After having a basic understanding of the concept of data lake, we need to further clarify what basic characteristics of data lake need to have. Especially compared with big data platforms or traditional data warehouses, what are the characteristics of data lakes? Before the specific analysis, let’s take a look at a comparison table
from AWS
class=”rich_pages wxw-img” src=”https://mmbiz.qpic.cn/mmbiz_png/tMJtfgIIibWIY9w0QuntbrPVoahRdlvJ7SqxnUP7woibXPEm4zRUhqy5FuAhOJ0YotZ7RhUfMkIua5RJCQShwrpw/640?wx_fmt=png”>
The above table compares the differences between data lakes and traditional data warehouses, and I personally feel that we can further analyze what characteristics data lakes should have at both data and computing levels. In terms of data:
-
“Flexibility”: One point in the table above is the “write-based schema” v.s.” “Read-type schema” is essentially a question of where the design of the data schema occurs. Schema design is essential for any data application, and even some databases such as mongoDB that emphasize “schemaless” still recommend that records use the same/similar structure as much as possible. The logic behind the “writing schema” is that before the data is written, it is necessary to determine the schema of the data according to the access mode of the business, and then complete the data import according to the established schema, which brings the benefit of good adaptation of data to the business; However, this also means that the upfront ownership cost of the data warehouse will be relatively high, especially when the business model is not clear and the business is still in the exploration stage. The underlying logic behind the “read-type schema” emphasized by data lakes is that business uncertainty is the norm: we can’t anticipate changes in the business, so we maintain some flexibility, deferring the design, and giving the entire infrastructure the ability to make data fit the business “on demand”. Therefore, I personally believe that “fidelity” and “flexibility” are in the same line: since there is no way to predict changes in business, then simply keep the data in the most original state, and when needed, the data can be processed according to demand. Therefore, data lakes are more suitable for innovative enterprises and enterprises with rapid business changes. At the same time, the users of data lakes are correspondingly more demanding, and data scientists and business analysts (with certain visualization tools) are the target customers of data lakes. -
“Manageable”: A data lake should provide sound data management capabilities. Since data requires “fidelity” and “flexibility,” there are at least two types of data in a data lake: raw data and processed data. The data in the data lake will continue to accumulate and evolve. Therefore, data management capabilities will also be very demanding, including at least the following data management capabilities: data source, data connection, data format, data schema (library/table/column/row). At the same time, a data lake is a unified data storage place in a single enterprise/organization, so it also needs to have certain permission management capabilities. -
“Traceability”: A data lake is a storage place for all data in an organization/enterprise, which needs to manage the whole life cycle of data, including the whole process of data definition, access, storage, processing, analysis, and application. A powerful data lake implementation needs to be able to traceable the access, storage, processing, and consumption of any piece of data between them, and can clearly reproduce the complete generation process and flow process of data.
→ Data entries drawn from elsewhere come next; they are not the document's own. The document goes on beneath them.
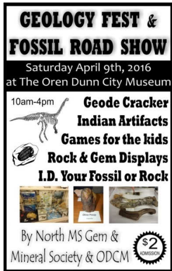
Poster by Alison Schuchs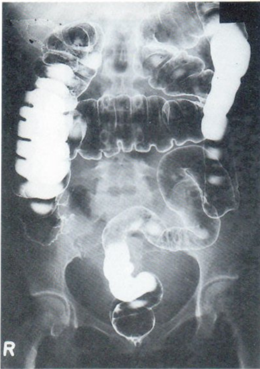
Fig. 3 Barium enema AP radiograph. Extrinsic lesion at the caecal pole distorts the outline. The rest of the colon is normal.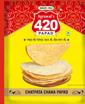
Chatpata Chana Papad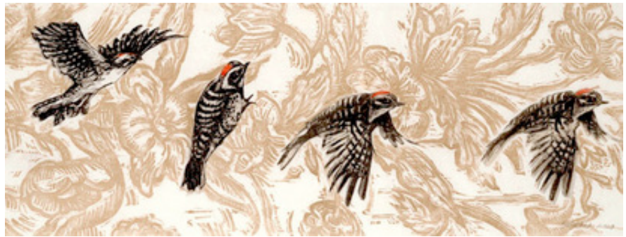
Image above : Sylvia Walters, Oakland, CA Untitled (Woodpeckers) , Woodcut, 12" x 20" From think show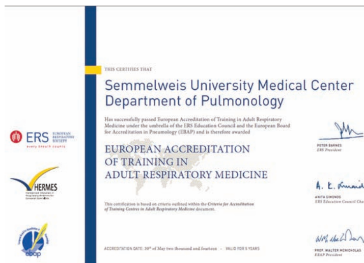
Figure 3 Accreditation of Training Centre Certificate.

Based on the recommendations by the review team, the Accreditation Committee will decide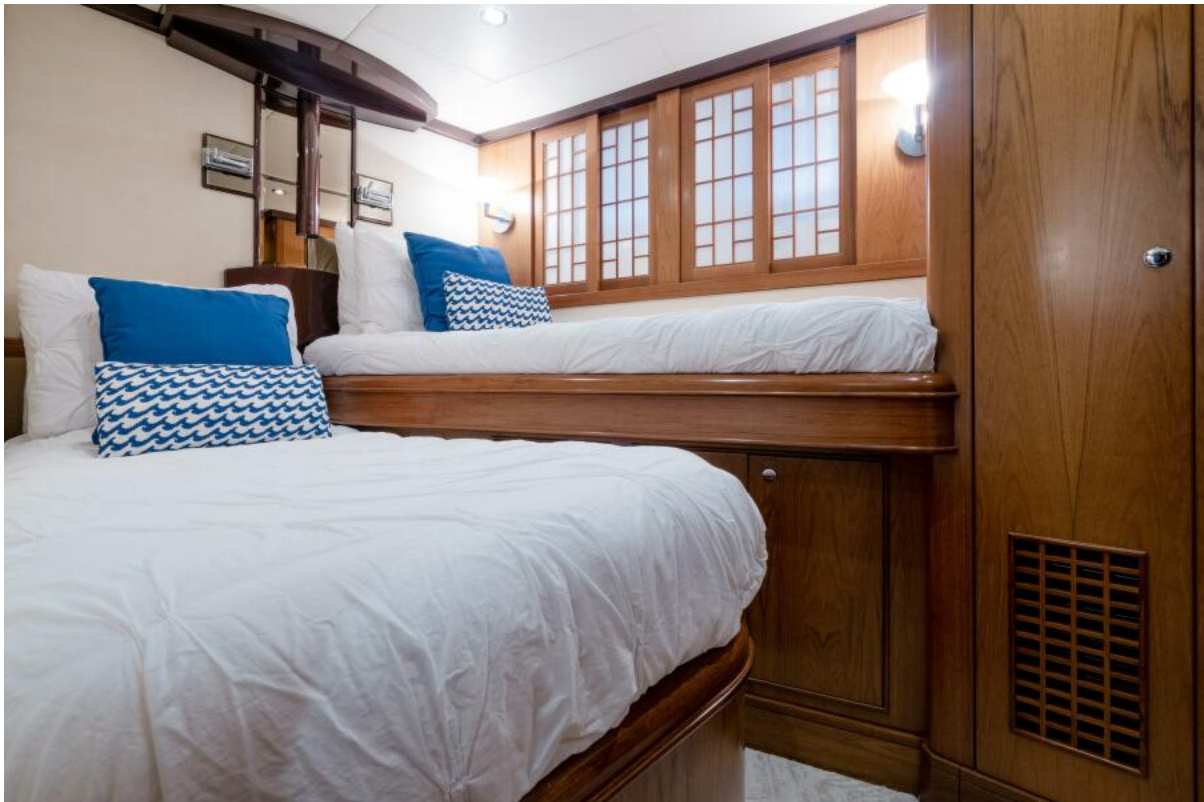
Starboard Guest Cabin Starboard Guest Cabin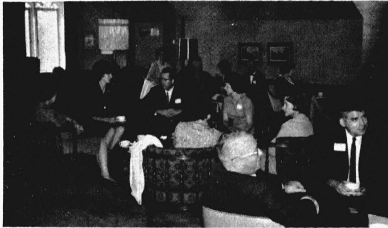
Alumni leaders during a coffee break in the Faculty-Alumni Lounge of the Student Union.

In terms of computing, I personally believe that the computing power requirements of data lakes are actually very extensive, which depends entirely on the business requirements for computing.
-
rich compute engine. From batch processing to streaming compute, interactive analytics, to machine learning, compute engines fall within the scope of a data lake. In general, batch calculation engines are used for data loading, transformation, and processing; For the part that requires real-time computing, the streaming computing engine is used; For some exploratory analysis scenarios, you may need to introduce an interactive analysis engine. With the closer integration of big data technology and artificial intelligence technology, various machine learning/deep learning algorithms have been continuously introduced, such as TensorFlow/PyTorch framework has supported reading sample data from HDFS/S3/OSS for training. Therefore, for a qualified data lake project, the scalability/pluggability of the compute engine should be a basic capability.
-
Multimodal storage engine. In theory, the data lake itself should have a built-in multi-modal storage engine to meet the data access needs of different applications (taking into account factors such as response time/concurrency/access frequency/cost). However, in the actual use process, the data in the data lake is usually not accessed frequently, and related applications are mostly in exploratory data applications, in order to achieve acceptable cost performance, data lake construction usually chooses relatively inexpensive storage engines (such as S3/OSS/HDFS/OBS), and works with external storage engines when needed to meet diversified application needs.
Data lakes can be thought of as a new generation of big data infrastructure. To better understand the basic architecture of a data lake, let’s first look at the evolution of big data infrastructure architecture.
1) Phase 1: Offline data processing infrastructure represented by Hadoop. As shown in the figure below, Hadoop is a batch data processing infrastructure with HDFS as the core storage and MapReduce (MR) as the basic computing model. Around HDFS and MR, a series of components have been generated to continuously improve the data processing capabilities of the entire big data platform, such as HBase for online KV operations, HIVE for SQL, PIG for workflow, etc. At the same time, with the increasing performance requirements for batch processing, new computing models have been continuously proposed, resulting in computing engines such as Tez, Spark, and Presto, and MR models have gradually evolved into DAG models.
On the one hand, the
DAG model increases the abstract concurrency ability of the computing model: each calculation process is decomposed, the task is logically divided according to the aggregation operation points in the calculation process, and the task is divided into stages, each stage can be composed of one or more Tasks, and Tasks can be executed concurrently, thereby improving the parallelism of the entire computing process; On the other hand, in order to reduce the intermediate result file writing operation in the data processing process, Spark, Presto and other computing engines try to use the memory of the computing node to cache the data, so as to improve the efficiency of the entire data process and the system throughput capacity.
Figure 2. Hadoop architecture diagram
2
) Phase 2: lambda architecture. With the continuous change of data processing capacity and processing requirements, more and more users find that no matter how much the batch mode improves performance, it cannot meet some processing scenarios with high real-time requirements, and streaming computing engines have emerged, such as Storm, Spark Streaming, Flink, etc.
However, as more and
more applications go online, we have found that batch processing and stream computing can be used together to meet most application requirements. For users, in fact, they do not care what the underlying computing model is, users hope that whether it is batch or stream computing, it can return processing results based on a unified data model, so the Lambda architecture is proposed, as shown in the following figure.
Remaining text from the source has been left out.